Records excerpted from a collection:
---*---

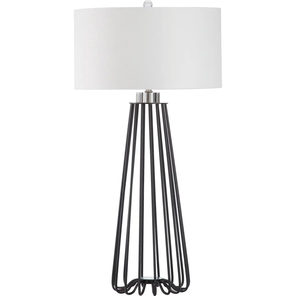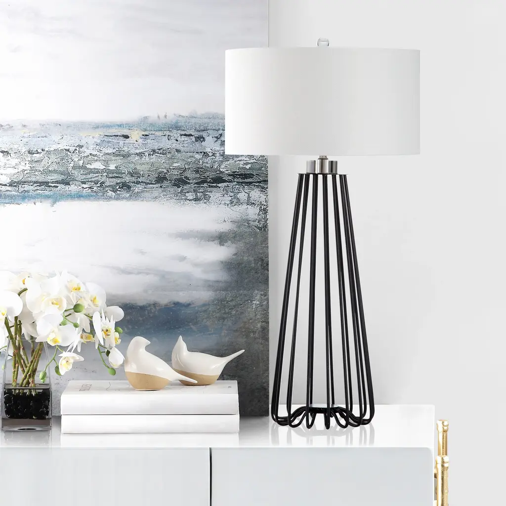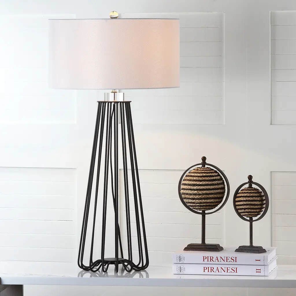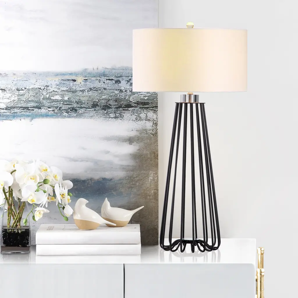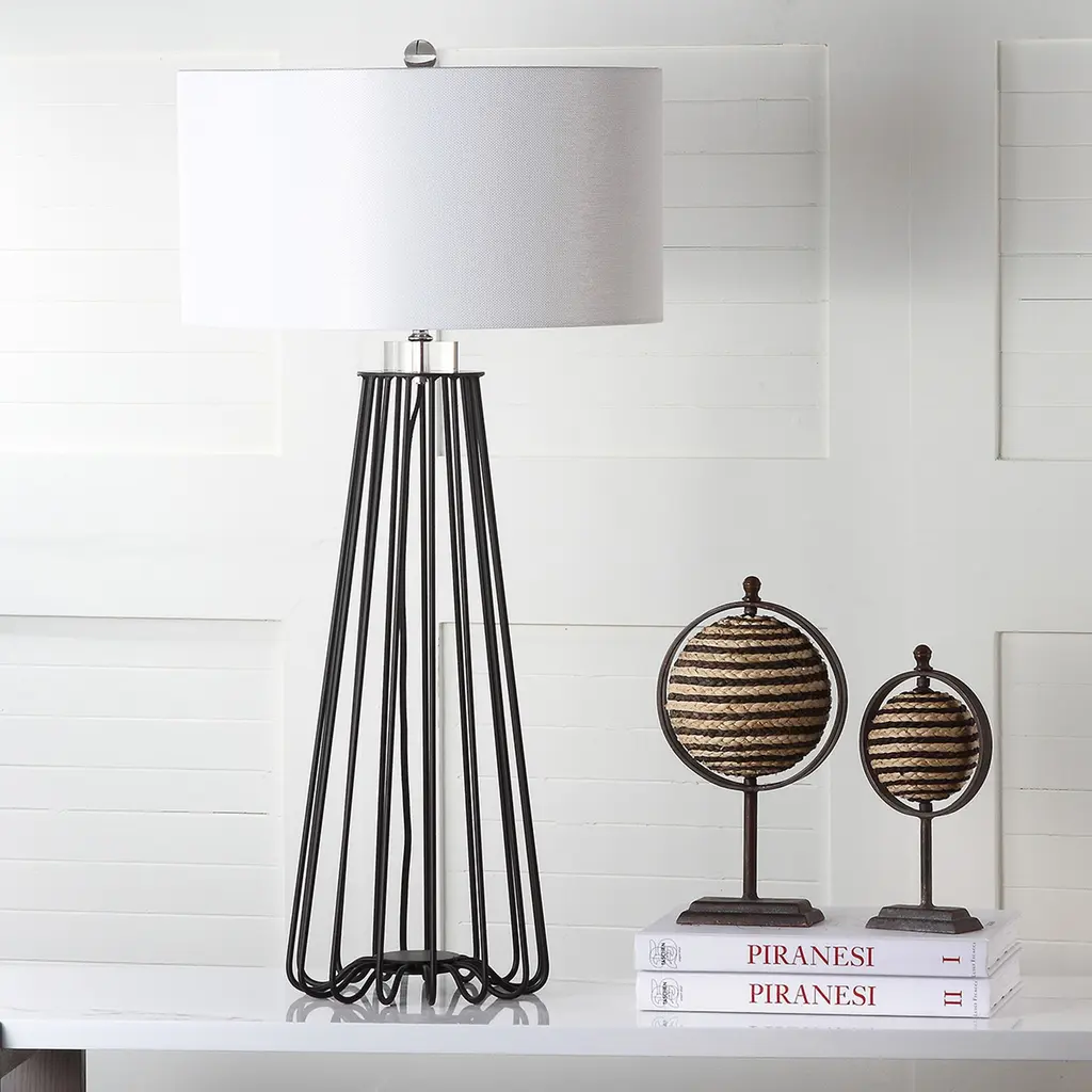 Sleek and sturdy, this open-concept lamp set from SAFAVIEH will light your space in modern style. The caged black iron bases are topped with classic white cotton drum shades and accented with chic acrylic finials. Use this set to complete your bedroom decor or brighten up your living room.Features: Set of 2 table lamps Crystal base and finial Crafted from sturdy iron UL lamp certified Black metal industrial design Off-white cotton shades Switch mechanism: Rotary switch Conveniently includes one (1) LED bulb per table lamp Full dimensions are 17" wide x 17"deep x 34" high Before cleaning any lamp shade or fixture, disconnect the power source. Wipe with a soft, dry cloth. Avoid the use of chemicals and household cleaners as they may damage the finish. Assembly required
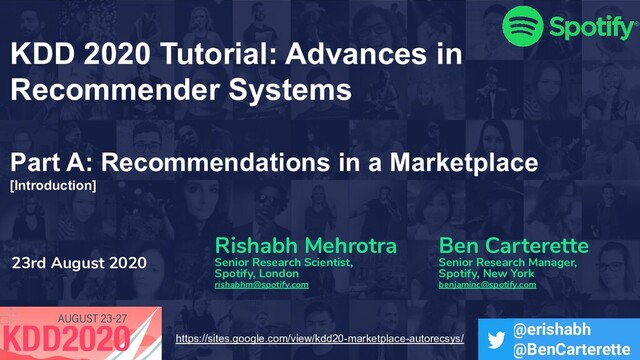 PhD in ML/IR from University College London • BE (Hons) Computer Science, MSc (Hons) Mathematics, BITS Pilani, India • Visiting researcher & intern, Microsoft Research, NYC/Redmond (2015-16) • Co-founder, UserContext.AI • Goldman Sachs Ben Carterette Sr Research Manager, Spotify, New York Past: • Associate Professor, University of Delaware (2008 onwards) • Visiting Researcher, CMU (2010) • Visiting Researcher, Yahoo Labs (2009) • PhD from University of Massachusetts Amherst (2008)
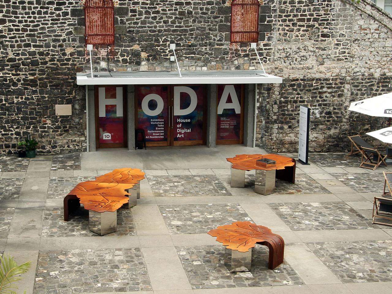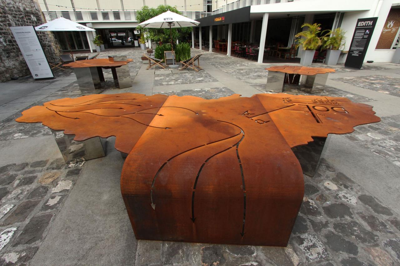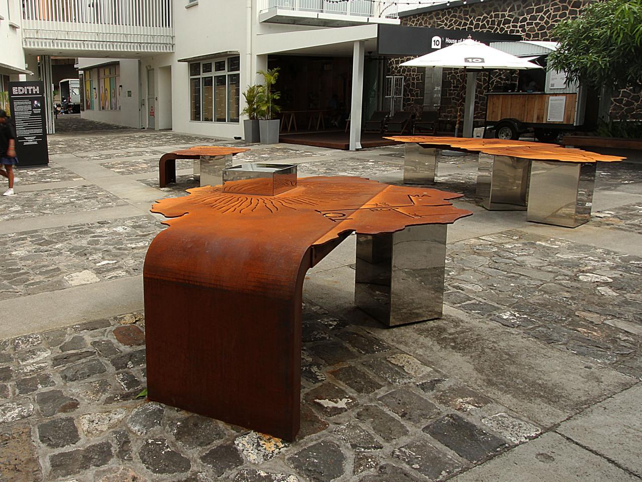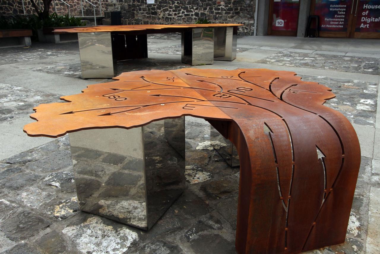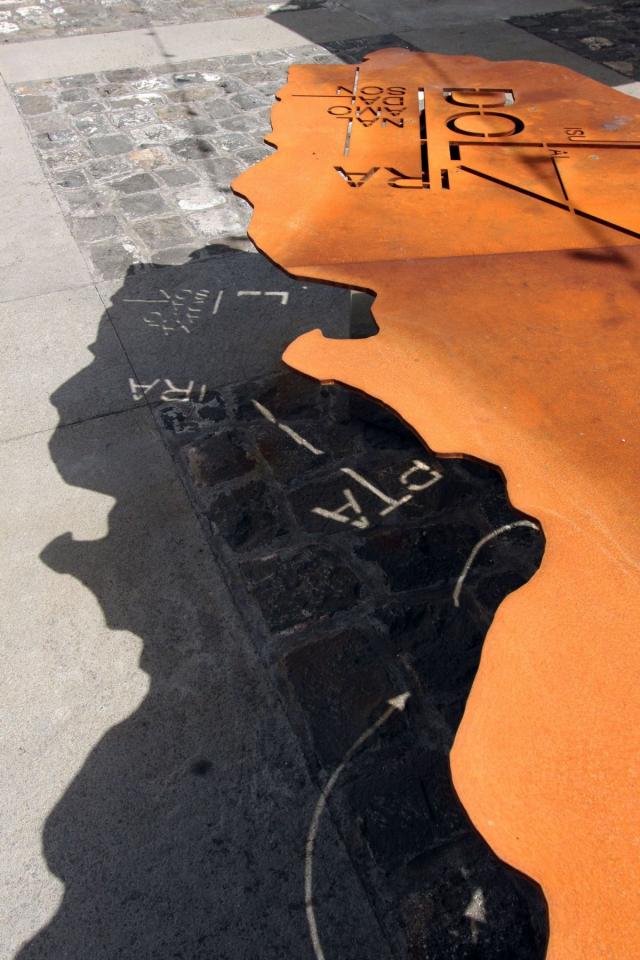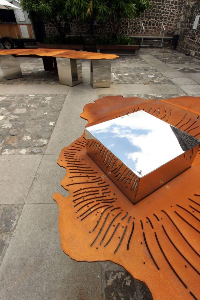 Les onomatopées ainsi récoltées sont découpées dans la tôle des trois îles, et regroupées par symboliques comme dans le livre, PTA SUB et TOT allégories à la sacralisation de la pierre, à la vénération paréidolique des montagnes. Au public de s’en emparer pour générer une nouvelle carte poétique. »
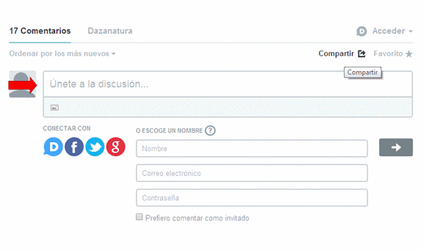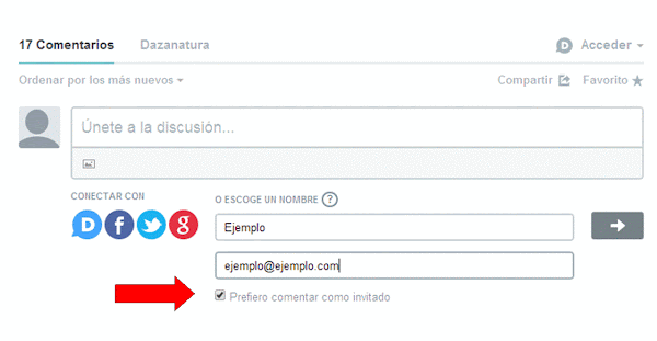 También podéis comentar como invitados, es decir sin necesidad de registro ni utilizar ninguna otra red. Clickais en Prefiero comentar como invitado (os pide un nombre y un email aunque este email no me consta a mí en ningún lado, es por el spam):
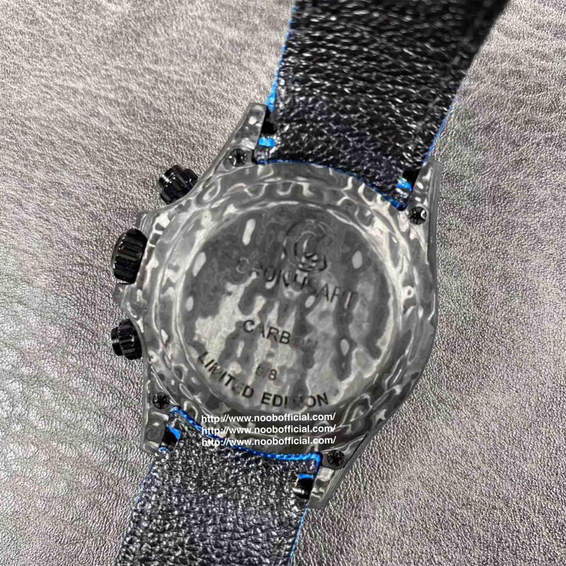 【表壳】采用碳纤维材质打造,轻盈佩戴舒适,每一只腕表都拥有独一无二的碳纤花纹。 由于碳纤维材质的非常坚硬,表壳在CNC成型过程中损耗也是非常大的!

---*---

» Goal of the exercise
The task calls for all records to be set down precisely, excluding any images.

» Reply to the exercise
 Sleek and sturdy, this open-concept lamp set from SAFAVIEH will light your space in modern style. The caged black iron bases are topped with classic white cotton drum shades and accented with chic acrylic finials. Use this set to complete your bedroom decor or brighten up your living room.Features: Set of 2 table lamps Crystal base and finial Crafted from sturdy iron UL lamp certified Black metal industrial design Off-white cotton shades Switch mechanism: Rotary switch Conveniently includes one (1) LED bulb per table lamp Full dimensions are 17" wide x 17"deep x 34" high Before cleaning any lamp shade or fixture, disconnect the power source. Wipe with a soft, dry cloth. Avoid the use of chemicals and household cleaners as they may damage the finish. Assembly required
 PhD in ML/IR from University College London • BE (Hons) Computer Science, MSc (Hons) Mathematics, BITS Pilani, India • Visiting researcher & intern, Microsoft Research, NYC/Redmond (2015-16) • Co-founder, UserContext.AI • Goldman Sachs Ben Carterette Sr Research Manager, Spotify, New York Past: • Associate Professor, University of Delaware (2008 onwards) • Visiting Researcher, CMU (2010) • Visiting Researcher, Yahoo Labs (2009) • PhD from University of Massachusetts Amherst (2008)
 Les onomatopées ainsi récoltées sont découpées dans la tôle des trois îles, et regroupées par symboliques comme dans le livre, PTA SUB et TOT allégories à la sacralisation de la pierre, à la vénération paréidolique des montagnes. Au public de s’en emparer pour générer une nouvelle carte poétique. »
 También podéis comentar como invitados, es decir sin necesidad de registro ni utilizar ninguna otra red. Clickais en Prefiero comentar como invitado (os pide un nombre y un email aunque este email no me consta a mí en ningún lado, es por el spam):
 【表壳】采用碳纤维材质打造,轻盈佩戴舒适,每一只腕表都拥有独一无二的碳纤花纹。 由于碳纤维材质的非常坚硬,表壳在CNC成型过程中损耗也是非常大的!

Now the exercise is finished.